Split Column by Digit to Non-digit

Power BI MCSA Certification Training Tips – Part 10: Split Columns by Digit to Non-digit

To obtain your MCSA: BI Reporting you need to pass two exams: 70-778 (Analyzing and Visualizing Data with Power BI) and 70-779 (Analyzing and Visualizing Data with Excel). However, there is a huge overlap between the two exams resulting from the common BI features found in both Power BI and Excel: namely data modelling using the DAX language; and data connection and transformation using the M language.

We, at G Com Solutions, recommend to the clients to whom we supply Power BI Training that they prepare for both exams simultaneously and then sit both exams on the same day. We also run a 5 day Power BI MCSA Certification Prep course in London which includes both exams 70-778 and 70-779.

In this series of blog posts, we will be examining some of the key features of Power BI, Power Pivot and Power Query which you will need to master in order to pass the two exams.

This topic, which applies equally to exam 70-778 and 70-779, relates to the splitting of columns which contain more than a single piece of information which need to be split into their own columns.

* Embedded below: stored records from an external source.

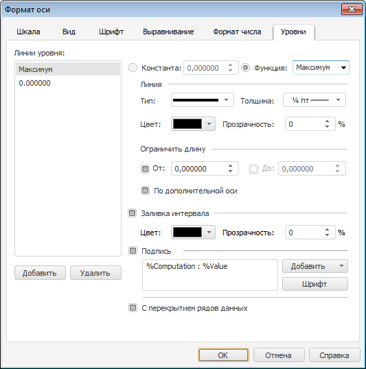 Для настройки линии уровня используйте вкладку «Уровни» диалогового окна «Формат оси». Настройка линий уровня с помощью диалогового окна «Формат оси» доступна только в настольном приложении. Для лепестковой диаграммы настройка линий уровня с помощью диалогового окна «Формат оси» доступна только для оси категорий (X).
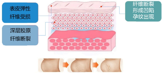 在探讨有效修复方法前,我们首先要明确:妊娠纹的本质,是孕期腹部肌肤被快速拉伸后,真皮层胶原纤维和弹力纤维发生断裂,进而形成的不可逆纹路(初期呈红/紫色,后期逐渐变为白/银色)。目前医学界公认的唯一有效修复方式,并非单一涂抹产品或单纯使用仪器,而是能从根源解决问题的——联合修复疗法,这也是破解妊娠纹修复难题的关键。
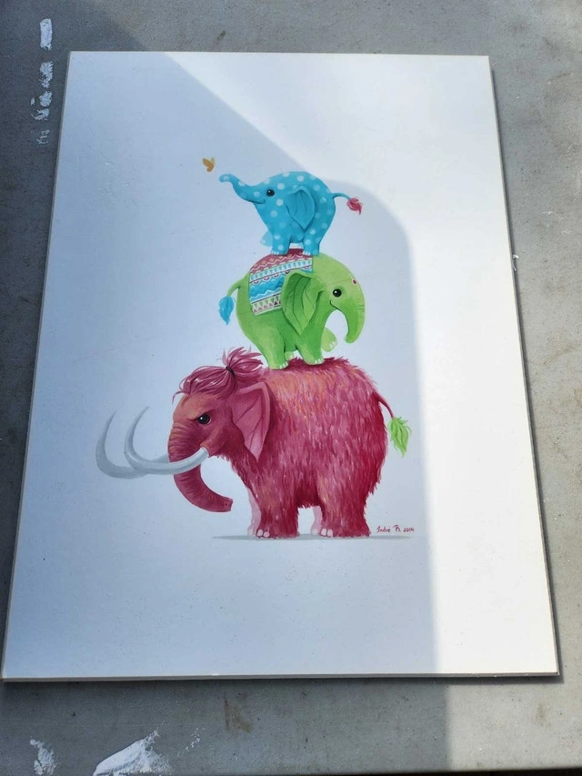 This is a captivating piece of art, featuring stacked elephants. The artwork is in good condition and would make a charming addition to any collection. It's truly a conversation starter! Add a touch of whimsy to your space with this unique painting. If the ad is up, it's still available! Cash accepted.

The Split Columns command in the Query Editor is very similar to Microsoft Excel’s Text to Columns feature. It allows you to split a column using a delimiter or by a set number of characters.

There are now a number of different options as to how the split will take place. The classic methods (which mirror the options available inExcel’s Text to Columns command) are by Delimiter and by Number of Characters. However, in addition, we now have a number of additional options including the very useful Split Column by Digit to Non-digit and Split Column by Non-digit to Digit. These options are useful where you have multiple items of data in the same column with no delimiters and where the number of characters in each of the nested data items is inconsistent.

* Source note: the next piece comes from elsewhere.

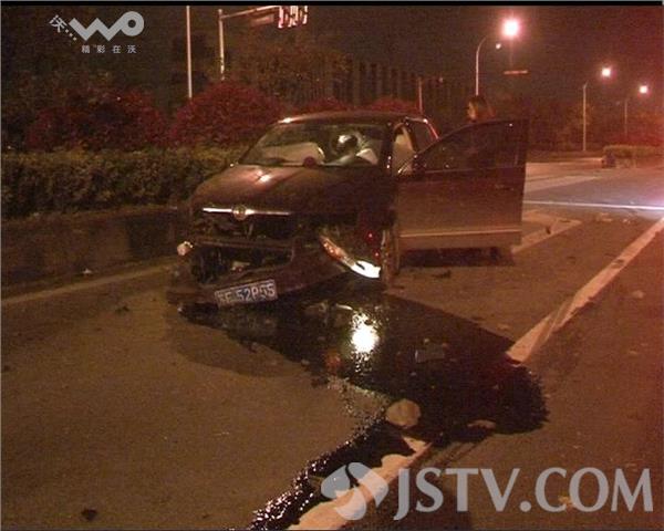 4月4日凌晨1点,南京玄武区312国道仙林汽配城附近,一辆快速行驶的轿车为避让突然闯红灯的三轮车,一头撞上马路中央的绿化带,轿车被撞的面目全非,庆幸的是,事故没有造成人员受伤。记者在现场看到,事故轿车停在逆行车道上,车前的保险杠被撞掉了下来。虽然事情过去了有段时间,但车主的心情仍不能平静。

Consider the following example, where the first thing we can do is to promote the header “Customer Ref”: Transform > Use First Row as Headers.

If we examine the Customer Code, we can see it consists of three parts: first we have a customer ID; then we have a two-letter country code; and, finally, a four-character business sector code.

The problem here is that the number of characters in the first component varies: it can be five, six or seven digits. This means that we cannot use the Split by Number of Characters option. However, we can use the command Split Column by Digit to Non-Digit (available in the Home Tab of the Ribbon as well as in the context menu which appears when you right-click on the column heading).

We can then use the reverse command (Split Column by Non-digit to Digit), on the second column, to split the two remaining nested data elements: the country code and the business sector code.

The Split Column by Digit to Non-digit and Split Column by Non-digit to Digit commands produce steps called Split Column by Character Transition.

The final step is to rename the columns: “Customer Code”, “Country Code” and “Sector Code”.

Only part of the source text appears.